Predictors of mortality among hospitalized COVID-19 patients and risk score formulation for prioritizing tertiary care-An experience from South India.

机构信息

Department of Clinical Research, ICMR-National Institute for Research in Tuberculosis (Formerly Tuberculosis Research Centre), Chennai, Tamil Nadu, India.

Department of General Medicine, Government Chengalpattu Medical College & Hospital, Chengalpattu, Tamil Nadu, India.

出版信息

PLoS One. 2022 Feb 3;17(2):e0263471. doi: 10.1371/journal.pone.0263471. eCollection 2022.

DOI:10.1371/journal.pone.0263471
PMID:35113971
原文链接:https://pmc.ncbi.nlm.nih.gov/articles/PMC8812932/
Abstract

BACKGROUND

We retrospectively data-mined the case records of Reverse Transcription Polymerase Chain Reaction (RT-PCR) confirmed COVID-19 patients hospitalized to a tertiary care centre to derive mortality predictors and formulate a risk score, for prioritizing admission.

METHODS AND FINDINGS

Data on clinical manifestations, comorbidities, vital signs, and basic lab investigations collected as part of routine medical management at admission to a COVID-19 tertiary care centre in Chengalpattu, South India between May and November 2020 were retrospectively analysed to ascertain predictors of mortality in the univariate analysis using their relative difference in distribution among 'survivors' and 'non-survivors'. The regression coefficients of those factors remaining significant in the multivariable logistic regression were utilised for risk score formulation and validated in 1000 bootstrap datasets.
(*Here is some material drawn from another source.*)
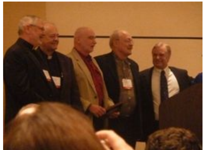
St. Louis Jesuits Receive the Jubilate Deo Award

Among 746 COVID-19 patients hospitalised [487 "survivors" and 259 "non-survivors" (deaths)], there was a slight male predilection [62.5%, (466/746)], with a higher mortality rate observed among 40-70 years age group [59.1%, (441/746)] and highest among diabetic patients with elevated urea levels [65.4% (68/104)]. The adjusted odds ratios of factors [OR (95% CI)] significant in the multivariable logistic regression were SaO2<95%; 2.96 (1.71-5.18), Urea ≥50 mg/dl: 4.51 (2.59-7.97), Neutrophil-lymphocytic ratio (NLR) >3; 3.01 (1.61-5.83), Age ≥50 years;2.52 (1.45-4.43), Pulse Rate ≥100/min: 2.02 (1.19-3.47) and coexisting Diabetes Mellitus; 1.73 (1.02-2.95) with hypertension and gender not retaining their significance. The individual risk scores for SaO2<95-11, Urea ≥50 mg/dl-15, NLR >3-11, Age ≥50 years-9, Pulse Rate ≥100/min-7 and coexisting diabetes mellitus-6, acronymed collectively as 'OUR-ARDs score' showed that the sum of scores ≥ 25 predicted mortality with a sensitivity-90%, specificity-64% and AUC of 0.85.

CONCLUSIONS

The 'OUR ARDs' risk score, derived from easily assessable factors predicting mortality, offered a tangible solution for prioritizing admission to COVID-19 tertiary care centre, that enhanced patient care but without unduly straining the health system.

摘要

背景

我们回顾性地挖掘了经逆转录聚合酶链反应(RT-PCR)确诊的 COVID-19 住院患者的病历记录,以确定死亡率预测因素并制定风险评分,以便优先入院。

方法和发现

在印度南部 Chengalpattu 的一家 COVID-19 三级护理中心,我们对 2020 年 5 月至 11 月期间入院时常规医疗管理中收集的临床表现、合并症、生命体征和基本实验室检查数据进行了回顾性分析,以确定单变量分析中死亡率的预测因素,方法是使用幸存者和非幸存者之间分布的相对差异。在多变量逻辑回归中仍然具有统计学意义的这些因素的回归系数用于风险评分的制定,并在 1000 个 bootstrap 数据集中进行验证。在 746 名 COVID-19 住院患者中[487 名“幸存者”和 259 名“非幸存者”(死亡)],男性略占优势[62.5%(466/746)],40-70 岁年龄组死亡率较高[59.1%(441/746)],最高的是尿素水平升高的糖尿病患者[65.4%(68/104)]。多变量逻辑回归中具有统计学意义的因素[比值比(95%CI)]的调整后比值 SaO2<95%;2.96(1.71-5.18),尿素≥50mg/dl:4.51(2.59-7.97),中性粒细胞-淋巴细胞比值(NLR)>3;3.01(1.61-5.83),年龄≥50 岁;2.52(1.45-4.43),脉搏率≥100/min:2.02(1.19-3.47)和并存的糖尿病;1.73(1.02-2.95),高血压和性别不再具有统计学意义。SaO2<95-11、Urea≥50mg/dl-15、NLR>3-11、Age≥50 岁-9、Pulse Rate≥100/min-7 和并存糖尿病的个体风险评分分别为 6,统称为“OUR-ARDs 评分”,结果表明,评分总和≥25 可预测死亡率,其敏感性为 90%,特异性为 64%,AUC 为 0.85。

结论

从可评估的死亡率预测因素中得出的“OUR ARDs”风险评分,为 COVID-19 三级护理中心的入院提供了一个切实可行的解决方案,增强了患者护理,但并未给卫生系统带来过度压力。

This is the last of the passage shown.